--- Data shown Enclosed Below ---

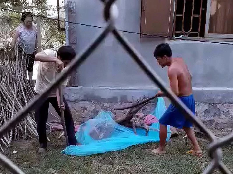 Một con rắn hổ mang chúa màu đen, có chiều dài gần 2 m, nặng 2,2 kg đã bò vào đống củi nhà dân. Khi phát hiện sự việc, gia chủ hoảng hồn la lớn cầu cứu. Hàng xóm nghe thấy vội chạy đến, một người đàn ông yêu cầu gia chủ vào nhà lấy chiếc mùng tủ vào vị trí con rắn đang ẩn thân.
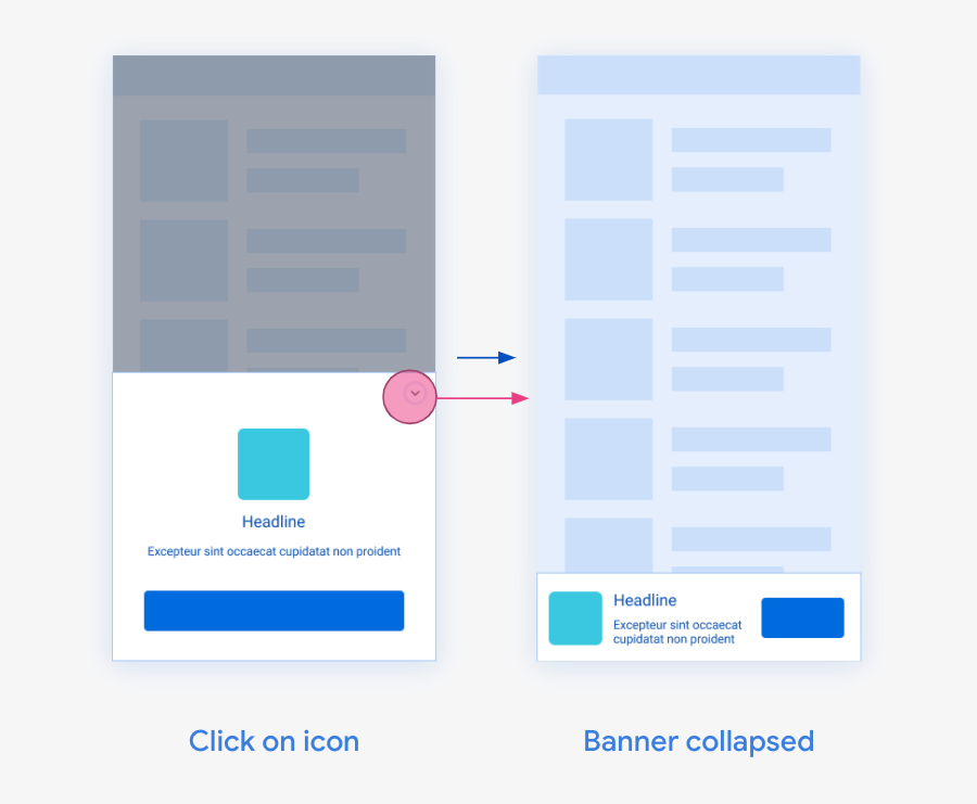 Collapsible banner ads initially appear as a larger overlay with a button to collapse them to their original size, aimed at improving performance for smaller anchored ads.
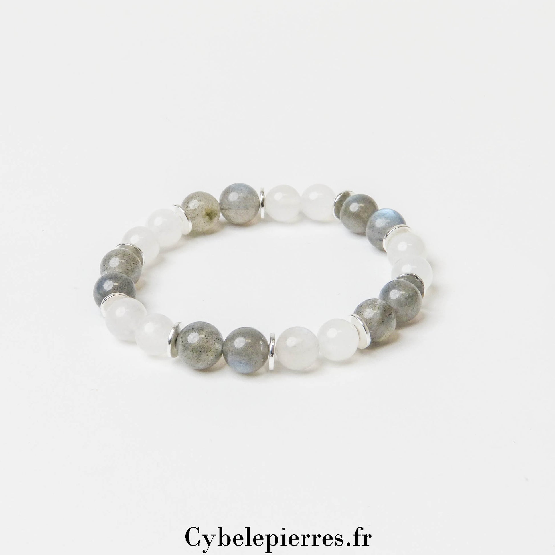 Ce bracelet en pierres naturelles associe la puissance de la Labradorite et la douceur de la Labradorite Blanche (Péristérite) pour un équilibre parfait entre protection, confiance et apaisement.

--- End of Enclosed Data shown ---

* The problem:
Repeat only what lies between the start of the data and the end of the line containing "Collapsible banner ads", exactly, with pictures left out.

* Written solution:
 Một con rắn hổ mang chúa màu đen, có chiều dài gần 2 m, nặng 2,2 kg đã bò vào đống củi nhà dân. Khi phát hiện sự việc, gia chủ hoảng hồn la lớn cầu cứu. Hàng xóm nghe thấy vội chạy đến, một người đàn ông yêu cầu gia chủ vào nhà lấy chiếc mùng tủ vào vị trí con rắn đang ẩn thân.
 Collapsible banner ads initially appear as a larger overlay with a button to collapse them to their original size, aimed at improving performance for smaller anchored ads.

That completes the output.